::: SUPPLIED RECORDS :::
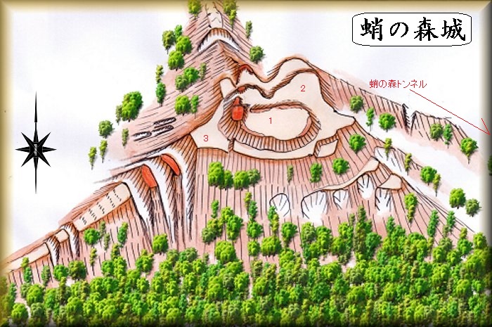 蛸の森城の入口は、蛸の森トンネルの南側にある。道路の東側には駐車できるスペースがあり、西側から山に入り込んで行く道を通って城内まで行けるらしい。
:::
::: SUPPLIED RECORDS :::
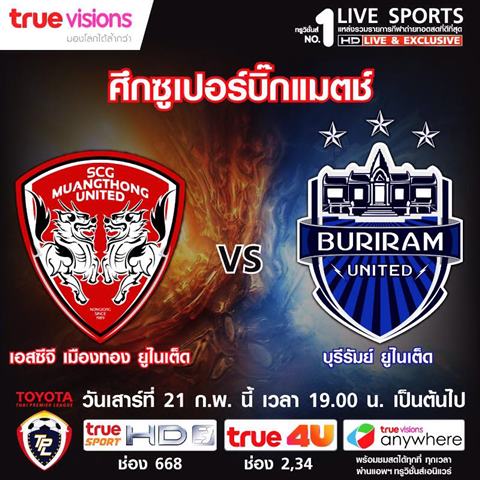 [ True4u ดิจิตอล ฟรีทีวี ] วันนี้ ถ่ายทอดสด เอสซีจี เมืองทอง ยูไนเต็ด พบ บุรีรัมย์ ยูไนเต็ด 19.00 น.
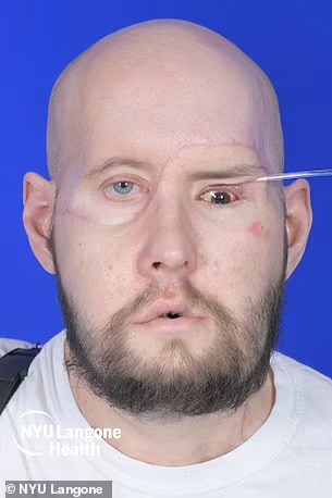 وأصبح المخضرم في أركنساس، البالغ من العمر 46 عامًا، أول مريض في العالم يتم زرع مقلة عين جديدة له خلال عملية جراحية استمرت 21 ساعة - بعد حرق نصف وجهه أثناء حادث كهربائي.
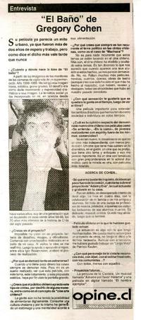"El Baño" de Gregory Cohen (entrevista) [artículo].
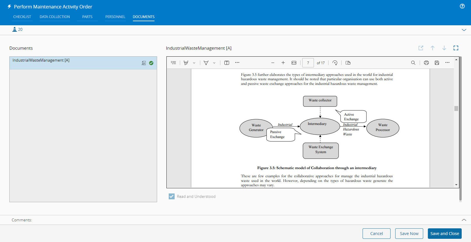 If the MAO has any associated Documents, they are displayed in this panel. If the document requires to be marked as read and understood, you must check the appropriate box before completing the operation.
:::
PROBLEM TO SOLVE: Range to copy from the listing above: the line containing "[ True4u ดิจิตอล" down to the line containing "If the MAO has", both included. Reproduce it exactly, minus the pictures, and add nothing.

WRITTEN ANSWER:
 [ True4u ดิจิตอล ฟรีทีวี ] วันนี้ ถ่ายทอดสด เอสซีจี เมืองทอง ยูไนเต็ด พบ บุรีรัมย์ ยูไนเต็ด 19.00 น.
 وأصبح المخضرم في أركنساس، البالغ من العمر 46 عامًا، أول مريض في العالم يتم زرع مقلة عين جديدة له خلال عملية جراحية استمرت 21 ساعة - بعد حرق نصف وجهه أثناء حادث كهربائي.
"El Baño" de Gregory Cohen (entrevista) [artículo].
 If the MAO has any associated Documents, they are displayed in this panel. If the document requires to be marked as read and understood, you must check the appropriate box before completing the operation.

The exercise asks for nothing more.